- _Task prompt_:
Your answer should give again, exactly, the lines from the beginning of the entries below through the line containing "本网讯 5月16日下午,广东". It must contain no pictures.

(Stored data)
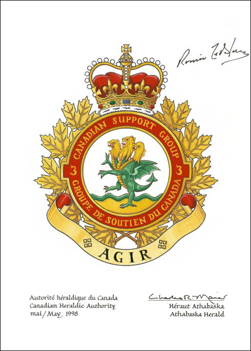 Additional InformationCreator(s)Not available PainterNot available CalligrapherNot applicable Recipient TypeMilitary Institution Other InformationThe recipient's emblems have been subsequently confirmed in the name of 3 Canadian Support Unit in the Public Register of Arms, Flags and Badges of Canada, Vol. VI, p. 40, 15 March 2011. |
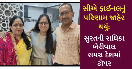 ચાર્ટડ એકાઉન્ટન્ટ્સ માટે લેવામાં આવેલી ફાઈનલ પરીક્ષાનું પરિણામ જાહેર કરી દેવામાં આવ્યું છે. જેમાં ન્યૂ કોર્સમાં પ્રથમ ક્રમે સુરત સેન્ટરની રાધિકા બેરીવાલા નામની વિદ્યાર્થિની આવી છે. જ્યારે બીજા નંબર પર ખતૌલીના નીતિન જૈન રહ્યાં છે. જ્યારે ત્રીજા ક્રમે ચેન્નઈની નિવેદિતા આવી છે.
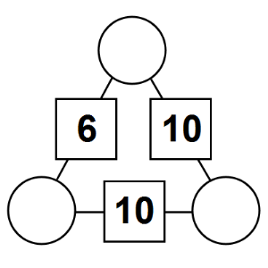The aim of an arithmagon is to work out which numbers go in the empty circles. The numbers in the square boxes are made by adding together the numbers in the circles either side. For example, if the number in the square box was 10 you could try 6 and 4, but the numbers must also add up on the other edges, making this more difficult than it first appears.
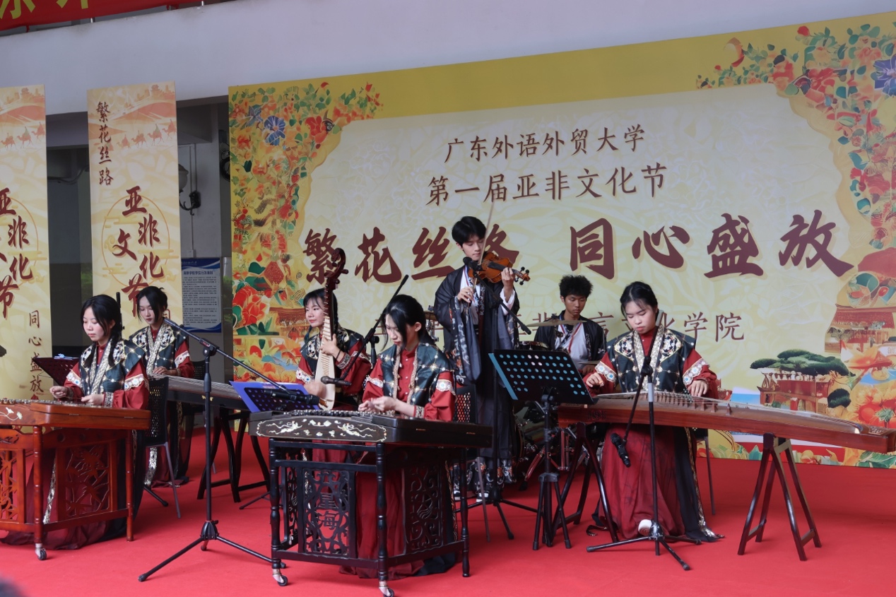 本网讯 5月16日下午,广东外语外贸大学亚非语言文化学院第一届亚非文化节在白云山校区隆重举行。广东省人民政府外事办公室原主任、广外非洲研究院创院院长傅朗,校党委副书记唐锐,亚非语言文化学院相关负责人,学校相关职能部处、学院和研究机构等单位负责人、亚非学院全体师生以及广外附属科学城实验学校师生代表参加了开幕式。
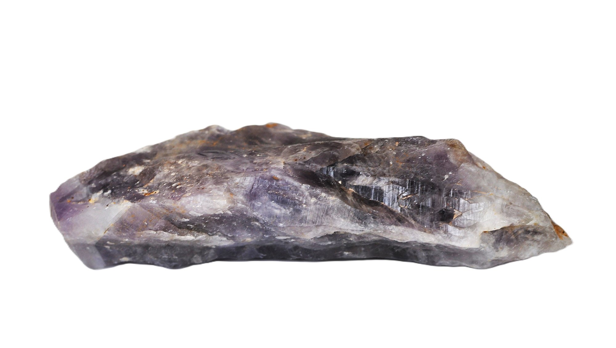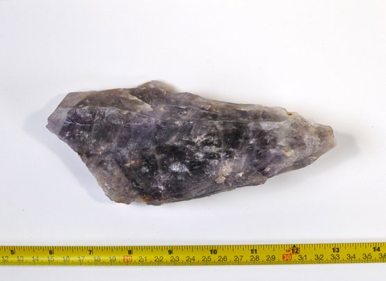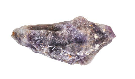 Natural amethyst crystal point with rich purple tones and visible internal formations. Unpolished, as-found specimen with natural surface texture and inclusions.
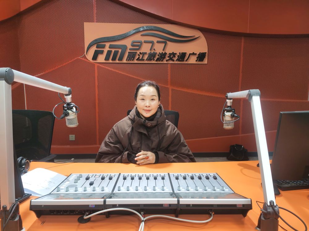 12月23日,丽江市文化馆音乐舞蹈服务中心主任马国国做客丽江旅游交通广播。(丽江融媒记者 李婧 摄)
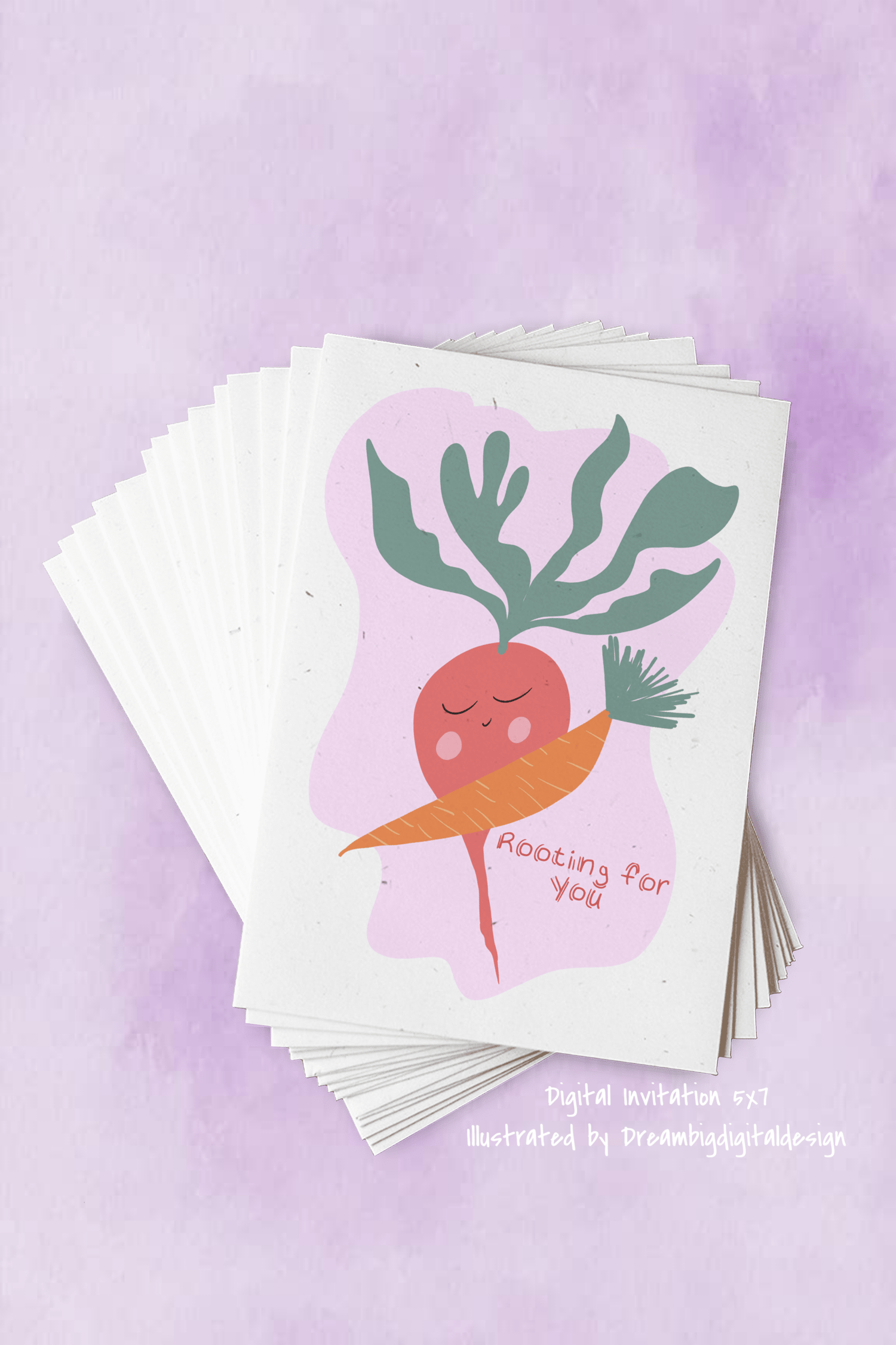 You will recieve this cute DIGITAL Radish carrying a carrot cute card. Illustrated by me this card is 5x7 and created with one of font collection lettering that says " Rooting for You " Great card to cheer that special some one. Also include is a PDF Format of the card side by side. Come back and visit our shop daily for other cute illustrations!
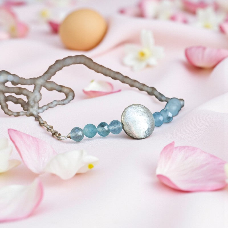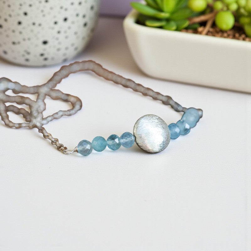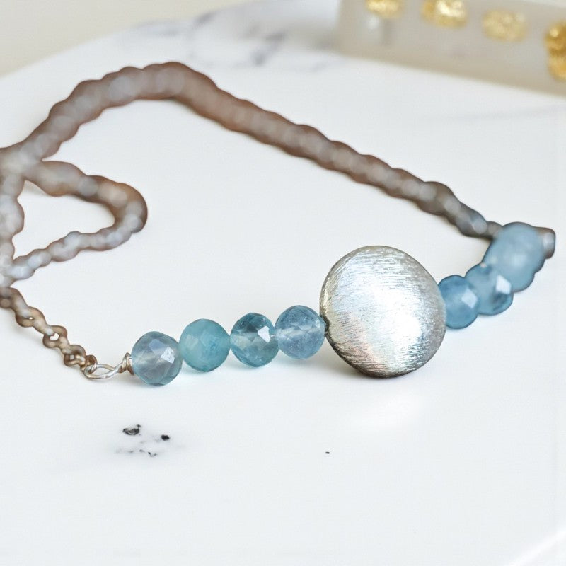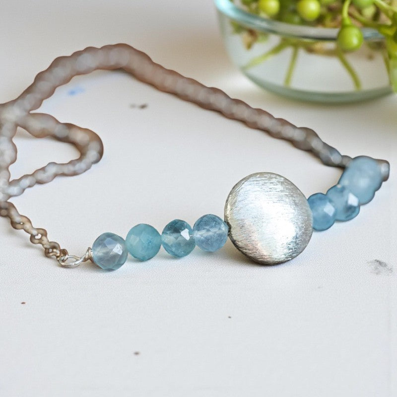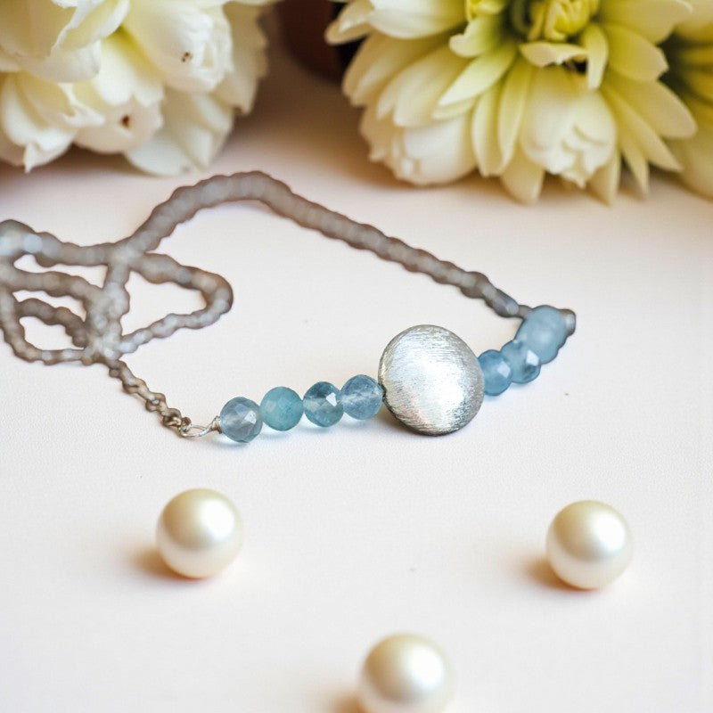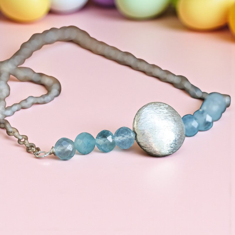 Experience the harmonious blend of soft elegance and vibrant energy with our aquamarine sterling silver necklace, a captivating creation that exudes a sense of tranquility and grace. At its core, faceted aquamarine stones intertwine with a silver designer brushed bead, forming a mesmerizing union of beauty and sophistication.

- _Exercise result_:
 Additional InformationCreator(s)Not available PainterNot available CalligrapherNot applicable Recipient TypeMilitary Institution Other InformationThe recipient's emblems have been subsequently confirmed in the name of 3 Canadian Support Unit in the Public Register of Arms, Flags and Badges of Canada, Vol. VI, p. 40, 15 March 2011. |
 ચાર્ટડ એકાઉન્ટન્ટ્સ માટે લેવામાં આવેલી ફાઈનલ પરીક્ષાનું પરિણામ જાહેર કરી દેવામાં આવ્યું છે. જેમાં ન્યૂ કોર્સમાં પ્રથમ ક્રમે સુરત સેન્ટરની રાધિકા બેરીવાલા નામની વિદ્યાર્થિની આવી છે. જ્યારે બીજા નંબર પર ખતૌલીના નીતિન જૈન રહ્યાં છે. જ્યારે ત્રીજા ક્રમે ચેન્નઈની નિવેદિતા આવી છે.
The aim of an arithmagon is to work out which numbers go in the empty circles. The numbers in the square boxes are made by adding together the numbers in the circles either side. For example, if the number in the square box was 10 you could try 6 and 4, but the numbers must also add up on the other edges, making this more difficult than it first appears.
 本网讯 5月16日下午,广东外语外贸大学亚非语言文化学院第一届亚非文化节在白云山校区隆重举行。广东省人民政府外事办公室原主任、广外非洲研究院创院院长傅朗,校党委副书记唐锐,亚非语言文化学院相关负责人,学校相关职能部处、学院和研究机构等单位负责人、亚非学院全体师生以及广外附属科学城实验学校师生代表参加了开幕式。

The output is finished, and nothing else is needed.